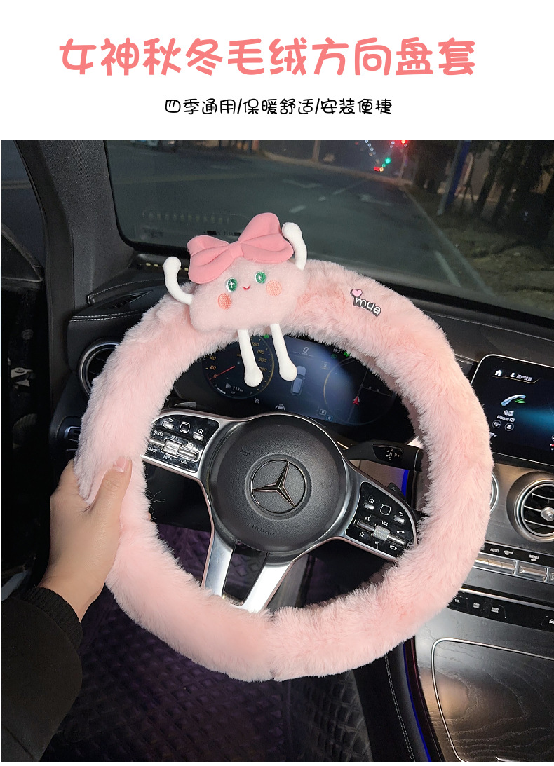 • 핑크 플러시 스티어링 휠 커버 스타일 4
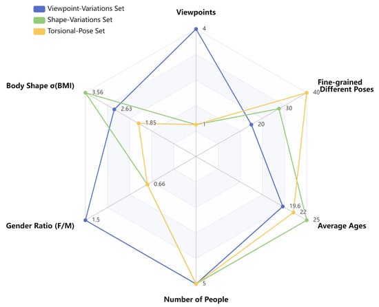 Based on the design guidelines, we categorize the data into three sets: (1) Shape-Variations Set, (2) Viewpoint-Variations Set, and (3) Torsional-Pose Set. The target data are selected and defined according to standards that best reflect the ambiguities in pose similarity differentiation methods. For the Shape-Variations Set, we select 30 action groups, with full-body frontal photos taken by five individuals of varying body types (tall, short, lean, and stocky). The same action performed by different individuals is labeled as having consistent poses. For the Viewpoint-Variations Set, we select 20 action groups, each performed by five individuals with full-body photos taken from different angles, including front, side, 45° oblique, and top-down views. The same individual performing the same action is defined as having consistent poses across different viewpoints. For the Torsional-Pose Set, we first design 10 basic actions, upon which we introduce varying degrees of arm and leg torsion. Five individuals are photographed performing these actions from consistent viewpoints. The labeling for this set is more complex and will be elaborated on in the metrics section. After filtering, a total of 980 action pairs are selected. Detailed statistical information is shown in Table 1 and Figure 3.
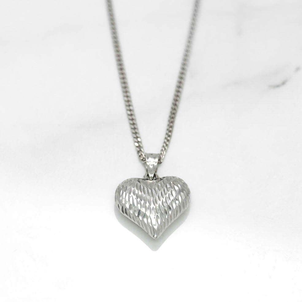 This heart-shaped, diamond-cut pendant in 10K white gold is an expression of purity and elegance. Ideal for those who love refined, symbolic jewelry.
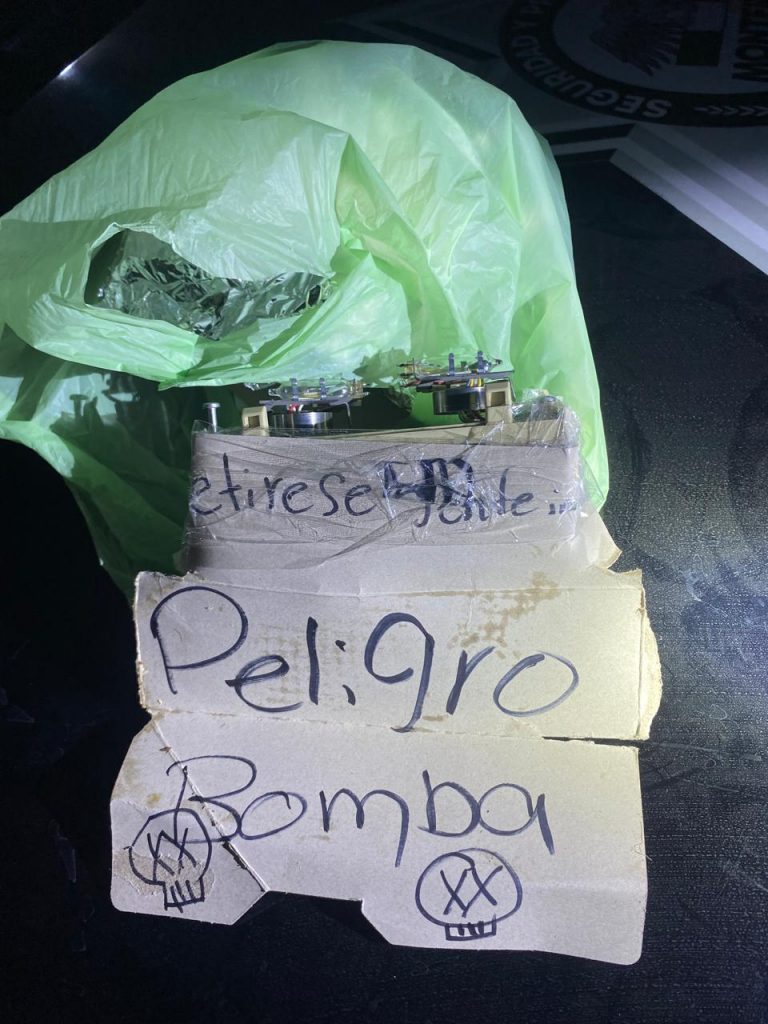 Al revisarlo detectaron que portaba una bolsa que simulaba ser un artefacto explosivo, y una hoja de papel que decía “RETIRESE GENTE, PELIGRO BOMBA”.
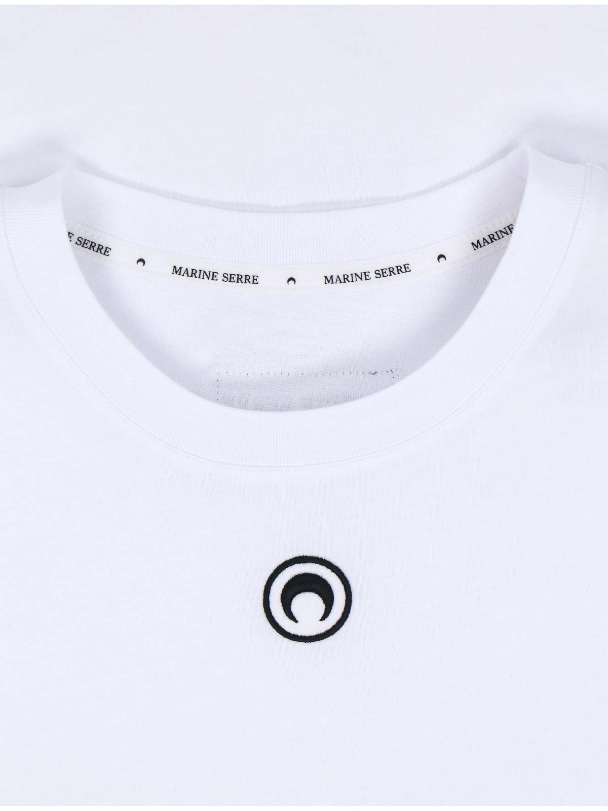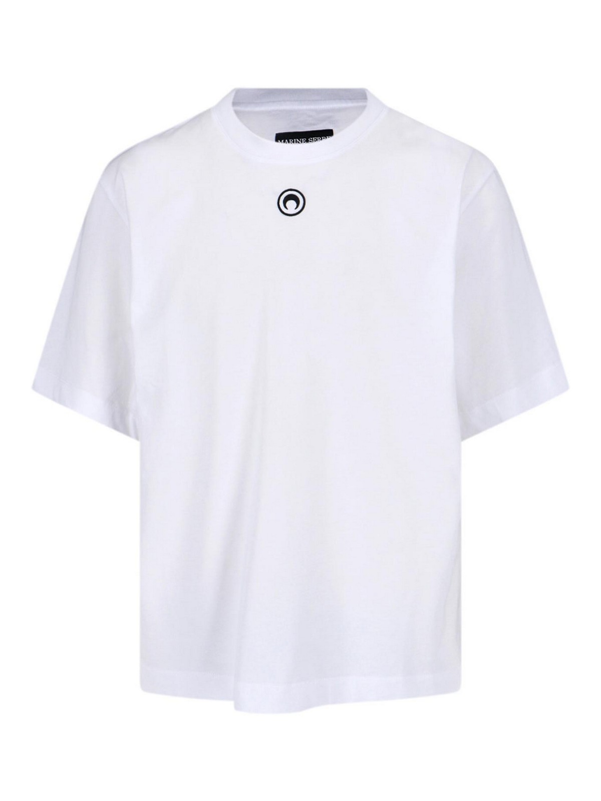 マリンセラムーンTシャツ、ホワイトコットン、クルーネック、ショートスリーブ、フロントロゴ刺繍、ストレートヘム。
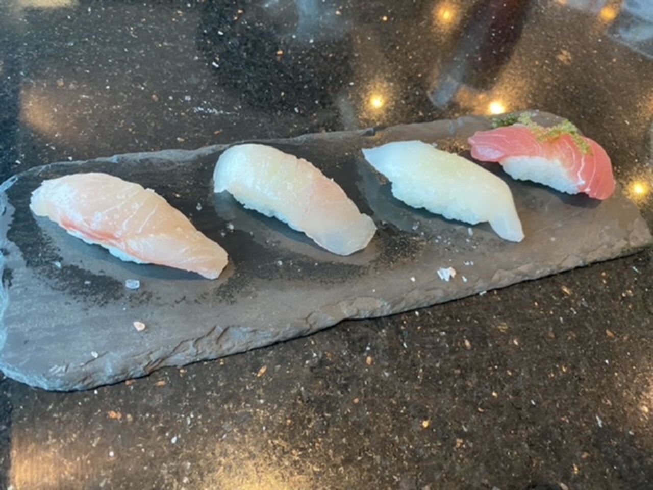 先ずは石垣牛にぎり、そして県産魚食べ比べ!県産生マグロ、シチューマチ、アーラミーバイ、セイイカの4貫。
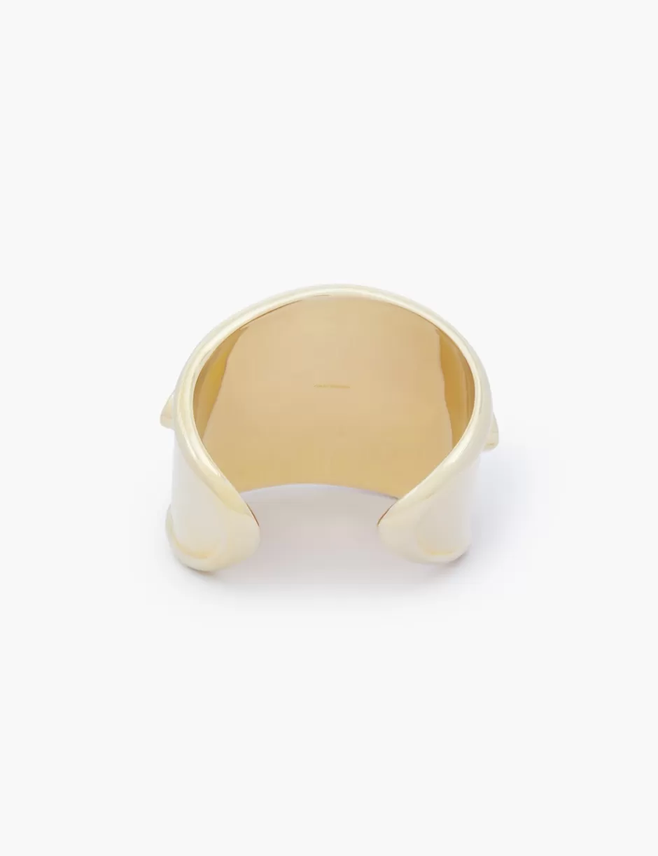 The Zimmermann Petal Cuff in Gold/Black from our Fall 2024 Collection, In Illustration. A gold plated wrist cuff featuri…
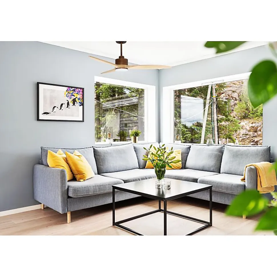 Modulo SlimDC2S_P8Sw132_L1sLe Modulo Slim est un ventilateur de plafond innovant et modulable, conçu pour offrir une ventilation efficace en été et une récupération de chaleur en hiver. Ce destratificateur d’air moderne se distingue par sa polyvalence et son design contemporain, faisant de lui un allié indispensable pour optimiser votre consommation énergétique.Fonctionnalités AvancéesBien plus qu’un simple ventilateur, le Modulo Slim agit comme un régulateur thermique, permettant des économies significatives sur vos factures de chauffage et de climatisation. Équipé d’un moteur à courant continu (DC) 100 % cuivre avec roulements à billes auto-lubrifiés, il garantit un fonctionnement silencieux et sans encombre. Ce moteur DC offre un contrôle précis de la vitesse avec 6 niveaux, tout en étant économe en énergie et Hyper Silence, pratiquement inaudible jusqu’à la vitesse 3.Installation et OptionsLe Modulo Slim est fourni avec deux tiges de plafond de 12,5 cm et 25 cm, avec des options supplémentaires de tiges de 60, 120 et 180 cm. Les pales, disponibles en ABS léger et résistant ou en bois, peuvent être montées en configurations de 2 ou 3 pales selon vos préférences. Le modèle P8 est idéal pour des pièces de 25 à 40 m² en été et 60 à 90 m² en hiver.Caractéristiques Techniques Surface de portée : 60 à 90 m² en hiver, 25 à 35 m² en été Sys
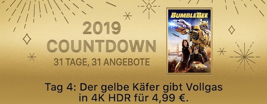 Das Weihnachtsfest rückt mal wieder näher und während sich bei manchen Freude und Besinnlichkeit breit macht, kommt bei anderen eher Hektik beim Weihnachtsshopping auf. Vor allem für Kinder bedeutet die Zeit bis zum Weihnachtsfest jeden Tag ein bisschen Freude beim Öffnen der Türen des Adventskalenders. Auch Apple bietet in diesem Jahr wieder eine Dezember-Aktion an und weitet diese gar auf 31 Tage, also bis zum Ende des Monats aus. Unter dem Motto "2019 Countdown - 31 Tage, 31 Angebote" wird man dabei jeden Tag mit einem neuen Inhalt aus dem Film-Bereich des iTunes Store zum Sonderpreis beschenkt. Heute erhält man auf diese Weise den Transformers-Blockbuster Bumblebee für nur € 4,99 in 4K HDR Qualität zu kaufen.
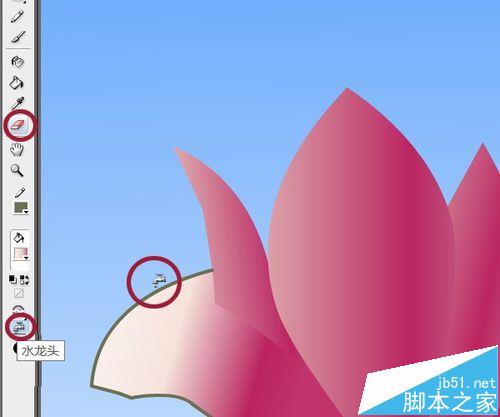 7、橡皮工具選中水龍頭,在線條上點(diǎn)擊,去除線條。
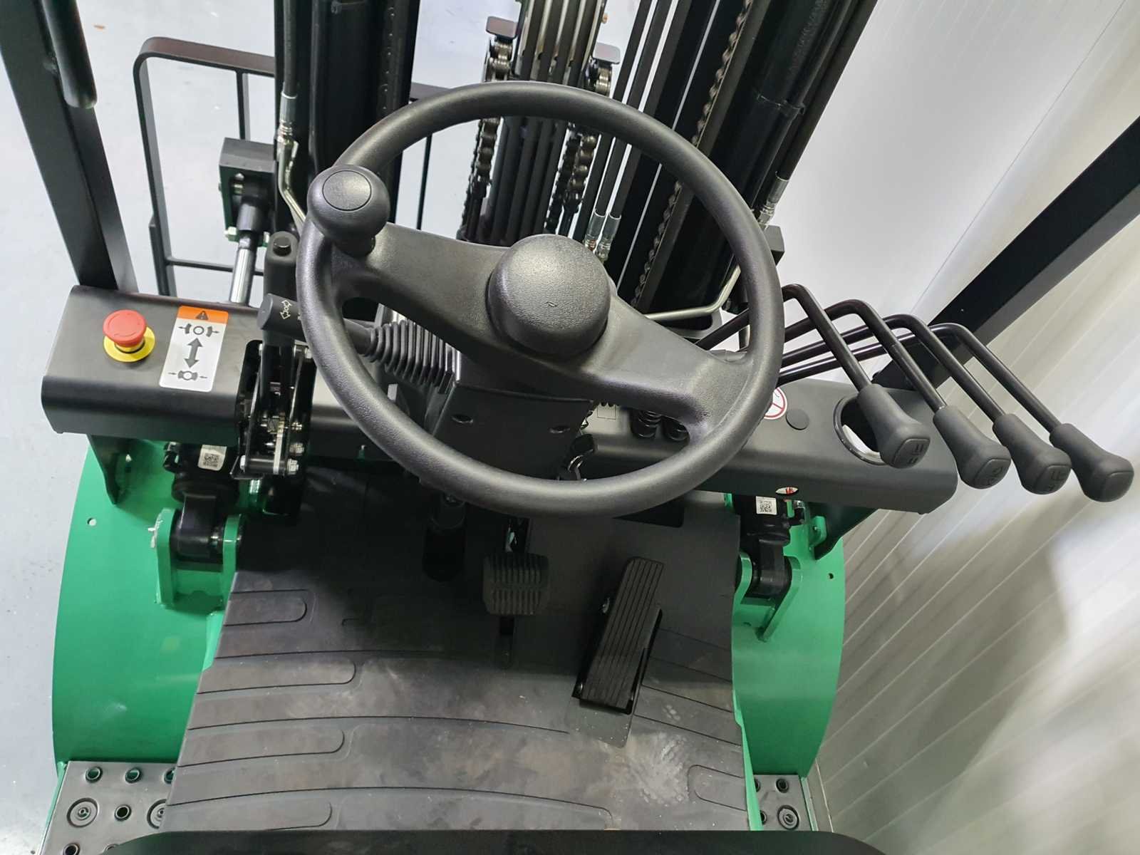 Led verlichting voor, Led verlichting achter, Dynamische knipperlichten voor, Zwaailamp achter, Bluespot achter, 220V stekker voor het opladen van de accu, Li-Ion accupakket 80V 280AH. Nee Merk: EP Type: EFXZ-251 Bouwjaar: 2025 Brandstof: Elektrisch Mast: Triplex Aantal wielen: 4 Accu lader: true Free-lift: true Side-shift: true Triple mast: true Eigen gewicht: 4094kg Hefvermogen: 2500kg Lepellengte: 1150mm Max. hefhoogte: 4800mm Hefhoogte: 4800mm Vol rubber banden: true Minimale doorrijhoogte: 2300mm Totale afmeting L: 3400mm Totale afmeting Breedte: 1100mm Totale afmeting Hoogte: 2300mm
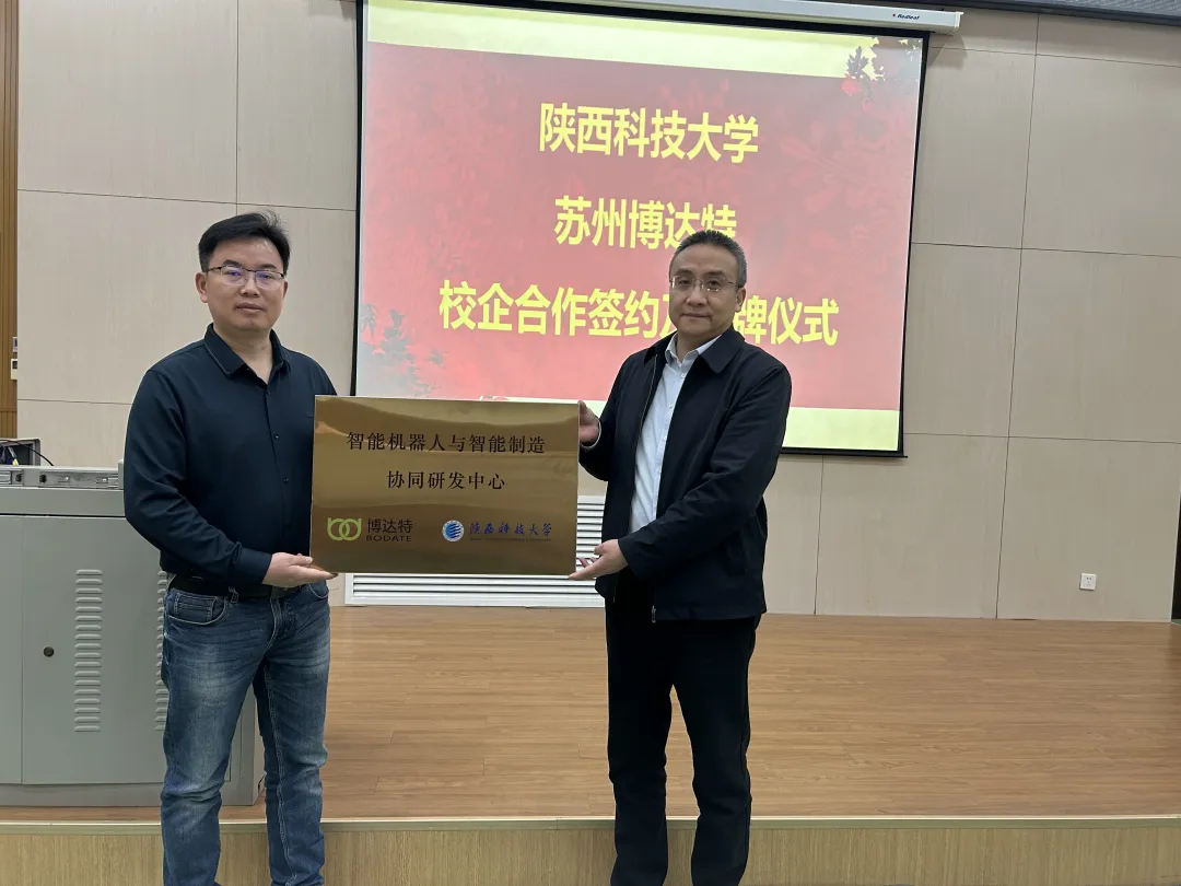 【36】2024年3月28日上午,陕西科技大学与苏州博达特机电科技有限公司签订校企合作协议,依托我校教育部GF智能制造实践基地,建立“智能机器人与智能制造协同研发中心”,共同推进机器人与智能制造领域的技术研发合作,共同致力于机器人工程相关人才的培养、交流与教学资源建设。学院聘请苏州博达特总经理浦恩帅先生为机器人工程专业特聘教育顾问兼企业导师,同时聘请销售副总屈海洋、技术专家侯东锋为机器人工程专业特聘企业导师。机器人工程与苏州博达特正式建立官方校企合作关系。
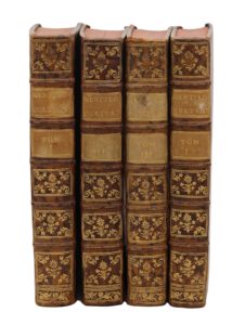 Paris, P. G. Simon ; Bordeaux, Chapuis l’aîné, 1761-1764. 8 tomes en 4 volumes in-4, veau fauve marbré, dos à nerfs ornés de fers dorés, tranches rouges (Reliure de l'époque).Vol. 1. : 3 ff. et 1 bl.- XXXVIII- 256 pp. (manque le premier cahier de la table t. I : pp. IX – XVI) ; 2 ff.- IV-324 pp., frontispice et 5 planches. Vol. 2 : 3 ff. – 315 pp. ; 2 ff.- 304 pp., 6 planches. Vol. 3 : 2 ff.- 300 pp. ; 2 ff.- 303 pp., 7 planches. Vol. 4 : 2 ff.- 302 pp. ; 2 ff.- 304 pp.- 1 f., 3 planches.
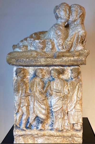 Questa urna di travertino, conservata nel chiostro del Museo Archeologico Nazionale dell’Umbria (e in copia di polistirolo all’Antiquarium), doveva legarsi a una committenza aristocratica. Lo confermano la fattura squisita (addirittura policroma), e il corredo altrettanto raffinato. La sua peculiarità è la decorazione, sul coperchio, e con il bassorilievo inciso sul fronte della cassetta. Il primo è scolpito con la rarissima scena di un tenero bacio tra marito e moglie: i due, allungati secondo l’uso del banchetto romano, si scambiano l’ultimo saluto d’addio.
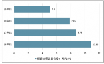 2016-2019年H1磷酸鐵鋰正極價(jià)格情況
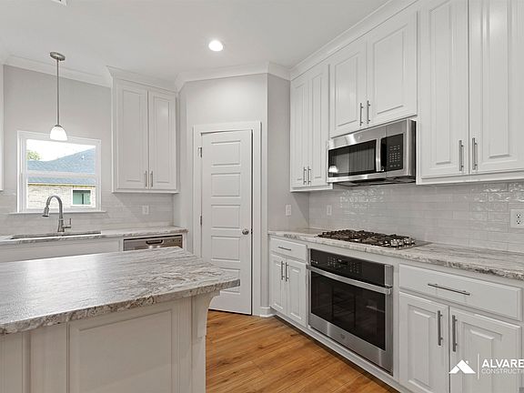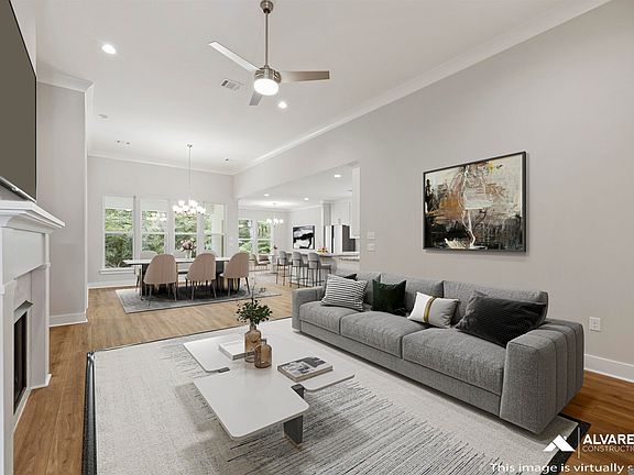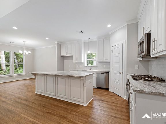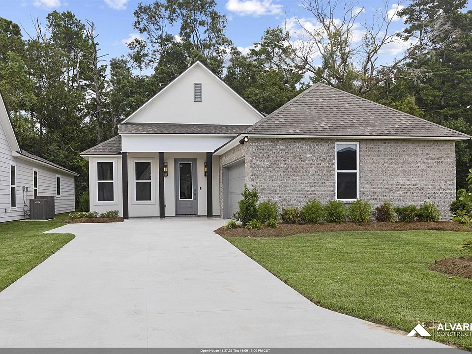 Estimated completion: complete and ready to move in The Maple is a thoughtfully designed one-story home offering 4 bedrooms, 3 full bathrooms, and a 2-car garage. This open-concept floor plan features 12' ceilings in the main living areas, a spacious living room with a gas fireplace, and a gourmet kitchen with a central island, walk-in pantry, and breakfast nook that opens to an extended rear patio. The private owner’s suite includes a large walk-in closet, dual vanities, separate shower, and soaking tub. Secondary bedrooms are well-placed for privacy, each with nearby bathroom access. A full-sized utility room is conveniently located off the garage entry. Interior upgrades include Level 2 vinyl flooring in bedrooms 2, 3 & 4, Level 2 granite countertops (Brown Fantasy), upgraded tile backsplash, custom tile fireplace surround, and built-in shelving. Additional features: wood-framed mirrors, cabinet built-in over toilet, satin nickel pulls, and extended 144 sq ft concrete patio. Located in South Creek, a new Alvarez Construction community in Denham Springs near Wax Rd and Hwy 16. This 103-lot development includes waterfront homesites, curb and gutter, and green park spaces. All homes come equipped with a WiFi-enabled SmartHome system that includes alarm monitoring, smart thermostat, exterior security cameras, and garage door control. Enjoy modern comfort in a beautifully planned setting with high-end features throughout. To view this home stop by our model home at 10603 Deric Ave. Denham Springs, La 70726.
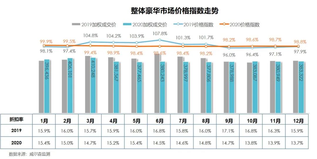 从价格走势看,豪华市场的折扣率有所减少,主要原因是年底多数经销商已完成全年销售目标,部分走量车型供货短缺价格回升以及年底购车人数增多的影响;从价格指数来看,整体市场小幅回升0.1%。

(Your assignment):
Lines wanted from the entries above: the one with "先ずは石垣牛にぎり、そして県", the one with "The Zimmermann Petal", and all lines between. Please copy them exactly, without the pictures and without anything else.

(Problem solution):
 先ずは石垣牛にぎり、そして県産魚食べ比べ!県産生マグロ、シチューマチ、アーラミーバイ、セイイカの4貫。
 The Zimmermann Petal Cuff in Gold/Black from our Fall 2024 Collection, In Illustration. A gold plated wrist cuff featuri…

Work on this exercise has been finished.